→ Task item:
Go through the listing beneath and show each line containing the string "that".

→ Data shown:
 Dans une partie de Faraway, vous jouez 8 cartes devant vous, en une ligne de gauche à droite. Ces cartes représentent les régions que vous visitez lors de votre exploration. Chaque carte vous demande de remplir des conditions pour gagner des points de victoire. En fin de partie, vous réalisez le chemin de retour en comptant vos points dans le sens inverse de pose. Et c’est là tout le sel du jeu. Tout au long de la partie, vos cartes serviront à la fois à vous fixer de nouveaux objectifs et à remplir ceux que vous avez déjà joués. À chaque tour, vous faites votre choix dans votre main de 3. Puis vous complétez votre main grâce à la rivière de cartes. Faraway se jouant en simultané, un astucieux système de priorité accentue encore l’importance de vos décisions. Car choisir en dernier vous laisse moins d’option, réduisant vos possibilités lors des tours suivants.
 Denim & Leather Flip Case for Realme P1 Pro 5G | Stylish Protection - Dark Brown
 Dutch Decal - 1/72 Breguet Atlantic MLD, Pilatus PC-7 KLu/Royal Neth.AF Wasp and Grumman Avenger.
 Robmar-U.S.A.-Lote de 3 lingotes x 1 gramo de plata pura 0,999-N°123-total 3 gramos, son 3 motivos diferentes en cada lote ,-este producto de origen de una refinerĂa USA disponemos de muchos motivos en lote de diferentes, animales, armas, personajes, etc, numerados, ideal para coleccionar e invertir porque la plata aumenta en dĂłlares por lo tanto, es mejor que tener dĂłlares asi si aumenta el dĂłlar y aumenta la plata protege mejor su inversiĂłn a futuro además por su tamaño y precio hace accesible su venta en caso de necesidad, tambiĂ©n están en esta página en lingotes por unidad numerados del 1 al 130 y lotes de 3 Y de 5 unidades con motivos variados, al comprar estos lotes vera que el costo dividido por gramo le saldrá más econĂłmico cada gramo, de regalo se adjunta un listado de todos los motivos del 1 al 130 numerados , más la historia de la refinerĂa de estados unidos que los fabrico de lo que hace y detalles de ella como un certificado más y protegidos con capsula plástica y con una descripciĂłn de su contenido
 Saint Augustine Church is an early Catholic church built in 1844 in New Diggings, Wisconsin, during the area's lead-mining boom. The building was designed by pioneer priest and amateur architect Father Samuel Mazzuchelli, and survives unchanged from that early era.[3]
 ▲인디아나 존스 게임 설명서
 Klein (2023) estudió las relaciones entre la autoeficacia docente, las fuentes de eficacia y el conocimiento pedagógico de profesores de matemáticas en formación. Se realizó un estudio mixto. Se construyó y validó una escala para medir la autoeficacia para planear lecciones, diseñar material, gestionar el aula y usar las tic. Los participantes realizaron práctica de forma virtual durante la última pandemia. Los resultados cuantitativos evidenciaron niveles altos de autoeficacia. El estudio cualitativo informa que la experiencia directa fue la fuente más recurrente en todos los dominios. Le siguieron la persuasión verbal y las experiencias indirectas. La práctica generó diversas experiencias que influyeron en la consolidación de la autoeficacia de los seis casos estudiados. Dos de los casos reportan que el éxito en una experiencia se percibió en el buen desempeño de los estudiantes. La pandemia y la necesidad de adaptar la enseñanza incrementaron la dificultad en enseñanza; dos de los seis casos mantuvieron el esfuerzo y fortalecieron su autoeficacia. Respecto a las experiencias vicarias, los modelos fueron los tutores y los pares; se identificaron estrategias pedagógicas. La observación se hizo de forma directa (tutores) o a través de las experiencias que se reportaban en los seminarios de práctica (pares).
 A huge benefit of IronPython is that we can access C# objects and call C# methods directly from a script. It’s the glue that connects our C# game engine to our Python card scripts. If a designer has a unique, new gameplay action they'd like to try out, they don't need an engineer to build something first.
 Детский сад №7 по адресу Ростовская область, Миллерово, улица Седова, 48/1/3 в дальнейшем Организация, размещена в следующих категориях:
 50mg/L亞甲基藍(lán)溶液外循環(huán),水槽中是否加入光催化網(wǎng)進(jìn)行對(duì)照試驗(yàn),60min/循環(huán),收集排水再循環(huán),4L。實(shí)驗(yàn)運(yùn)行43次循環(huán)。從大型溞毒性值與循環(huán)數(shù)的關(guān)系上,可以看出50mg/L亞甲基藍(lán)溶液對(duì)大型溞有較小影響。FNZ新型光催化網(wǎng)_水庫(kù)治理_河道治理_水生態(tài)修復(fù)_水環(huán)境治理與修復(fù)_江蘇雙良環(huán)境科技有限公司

...

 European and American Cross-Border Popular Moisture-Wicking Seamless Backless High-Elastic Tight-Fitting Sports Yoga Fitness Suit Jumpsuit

* * *

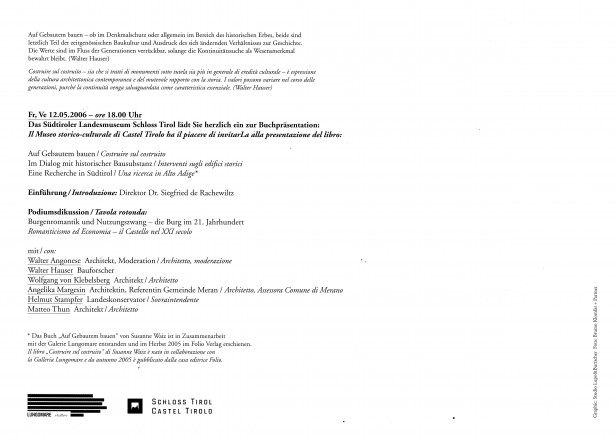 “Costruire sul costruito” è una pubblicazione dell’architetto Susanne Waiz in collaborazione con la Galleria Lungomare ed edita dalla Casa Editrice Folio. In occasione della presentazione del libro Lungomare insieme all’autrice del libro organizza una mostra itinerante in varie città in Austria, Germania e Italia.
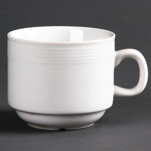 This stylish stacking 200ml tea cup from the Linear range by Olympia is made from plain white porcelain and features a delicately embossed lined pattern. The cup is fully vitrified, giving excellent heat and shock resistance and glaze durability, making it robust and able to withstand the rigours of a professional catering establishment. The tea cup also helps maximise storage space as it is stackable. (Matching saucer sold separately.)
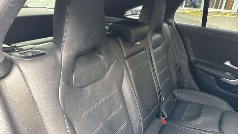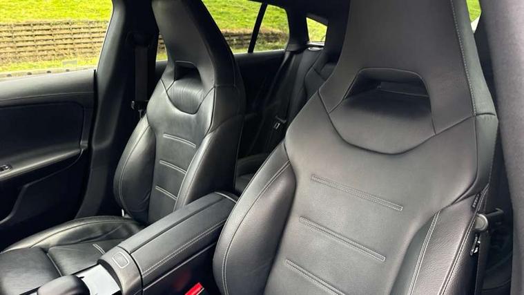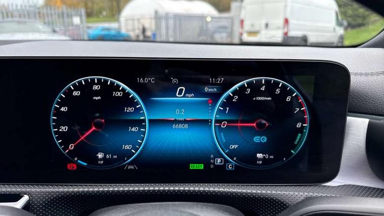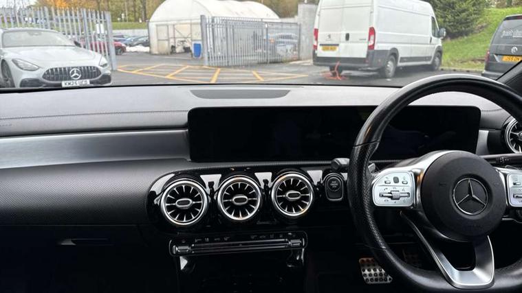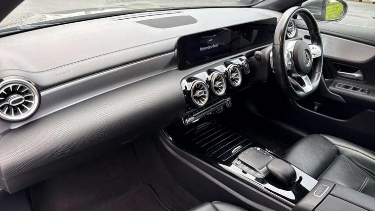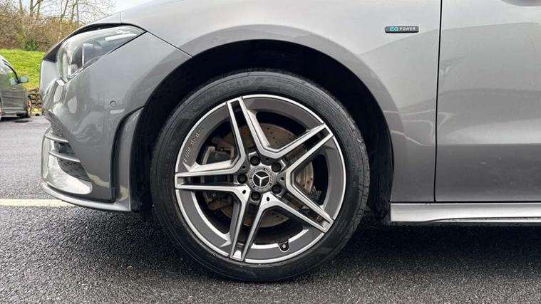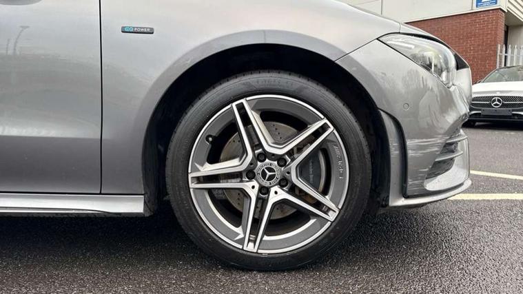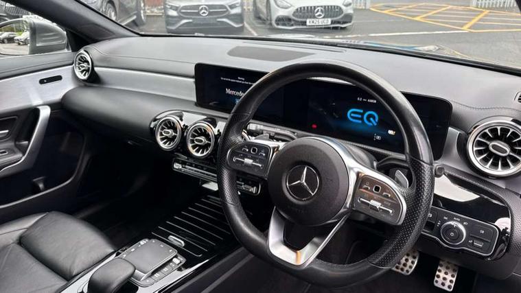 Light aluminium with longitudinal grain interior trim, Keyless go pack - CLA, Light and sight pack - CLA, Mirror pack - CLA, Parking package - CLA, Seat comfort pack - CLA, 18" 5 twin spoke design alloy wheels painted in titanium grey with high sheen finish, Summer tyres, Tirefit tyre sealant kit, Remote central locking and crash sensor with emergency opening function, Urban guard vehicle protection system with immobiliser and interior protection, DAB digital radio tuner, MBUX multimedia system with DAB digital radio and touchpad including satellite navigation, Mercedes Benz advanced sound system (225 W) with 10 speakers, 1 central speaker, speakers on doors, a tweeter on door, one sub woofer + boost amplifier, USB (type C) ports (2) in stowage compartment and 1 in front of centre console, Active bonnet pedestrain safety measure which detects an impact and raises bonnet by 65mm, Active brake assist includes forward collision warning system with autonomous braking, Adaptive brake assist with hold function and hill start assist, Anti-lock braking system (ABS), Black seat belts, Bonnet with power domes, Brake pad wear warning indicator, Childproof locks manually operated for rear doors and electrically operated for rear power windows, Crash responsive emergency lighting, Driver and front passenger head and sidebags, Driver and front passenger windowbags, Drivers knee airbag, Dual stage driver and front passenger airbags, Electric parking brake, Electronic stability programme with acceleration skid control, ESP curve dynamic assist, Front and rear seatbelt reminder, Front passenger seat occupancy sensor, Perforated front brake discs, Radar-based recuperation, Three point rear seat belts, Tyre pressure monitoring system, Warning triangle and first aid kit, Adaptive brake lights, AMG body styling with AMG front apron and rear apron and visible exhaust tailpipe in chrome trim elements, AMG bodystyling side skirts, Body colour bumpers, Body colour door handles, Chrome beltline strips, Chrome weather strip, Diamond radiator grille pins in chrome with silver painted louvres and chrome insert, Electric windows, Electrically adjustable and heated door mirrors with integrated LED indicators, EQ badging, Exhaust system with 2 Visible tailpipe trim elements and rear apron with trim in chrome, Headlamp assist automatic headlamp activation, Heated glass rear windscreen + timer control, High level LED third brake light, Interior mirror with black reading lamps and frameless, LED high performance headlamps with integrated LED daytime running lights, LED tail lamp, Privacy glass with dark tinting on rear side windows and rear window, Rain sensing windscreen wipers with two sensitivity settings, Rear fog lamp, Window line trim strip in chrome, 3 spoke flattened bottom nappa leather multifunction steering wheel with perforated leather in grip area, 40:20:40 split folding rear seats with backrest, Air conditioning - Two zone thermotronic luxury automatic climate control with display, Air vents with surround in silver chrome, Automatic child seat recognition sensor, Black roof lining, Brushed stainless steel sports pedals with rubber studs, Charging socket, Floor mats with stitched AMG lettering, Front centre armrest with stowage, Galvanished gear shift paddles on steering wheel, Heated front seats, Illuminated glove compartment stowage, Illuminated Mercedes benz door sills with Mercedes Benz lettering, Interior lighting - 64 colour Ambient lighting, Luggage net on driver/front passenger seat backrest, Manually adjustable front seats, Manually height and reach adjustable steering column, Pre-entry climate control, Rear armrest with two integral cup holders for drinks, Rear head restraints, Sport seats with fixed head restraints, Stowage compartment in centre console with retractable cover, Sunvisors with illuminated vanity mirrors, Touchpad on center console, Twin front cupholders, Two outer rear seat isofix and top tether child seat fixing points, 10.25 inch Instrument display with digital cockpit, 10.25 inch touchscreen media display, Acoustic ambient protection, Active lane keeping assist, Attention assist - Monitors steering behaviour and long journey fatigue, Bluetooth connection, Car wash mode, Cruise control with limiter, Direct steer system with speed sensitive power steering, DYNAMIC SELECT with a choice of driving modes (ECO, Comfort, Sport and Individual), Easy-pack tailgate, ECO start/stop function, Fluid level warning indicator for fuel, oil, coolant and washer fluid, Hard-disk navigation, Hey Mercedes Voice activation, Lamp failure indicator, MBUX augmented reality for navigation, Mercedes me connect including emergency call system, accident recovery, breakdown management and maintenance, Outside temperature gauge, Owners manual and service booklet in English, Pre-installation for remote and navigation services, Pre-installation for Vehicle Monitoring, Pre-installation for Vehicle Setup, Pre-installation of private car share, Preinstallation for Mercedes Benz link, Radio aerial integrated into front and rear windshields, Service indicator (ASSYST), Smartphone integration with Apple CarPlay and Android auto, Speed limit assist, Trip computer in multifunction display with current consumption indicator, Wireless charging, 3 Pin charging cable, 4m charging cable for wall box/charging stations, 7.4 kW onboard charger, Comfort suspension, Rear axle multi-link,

→ Answer to this task:
 Saint Augustine Church is an early Catholic church built in 1844 in New Diggings, Wisconsin, during the area's lead-mining boom. The building was designed by pioneer priest and amateur architect Father Samuel Mazzuchelli, and survives unchanged from that early era.[3]
 A huge benefit of IronPython is that we can access C# objects and call C# methods directly from a script. It’s the glue that connects our C# game engine to our Python card scripts. If a designer has a unique, new gameplay action they'd like to try out, they don't need an engineer to build something first.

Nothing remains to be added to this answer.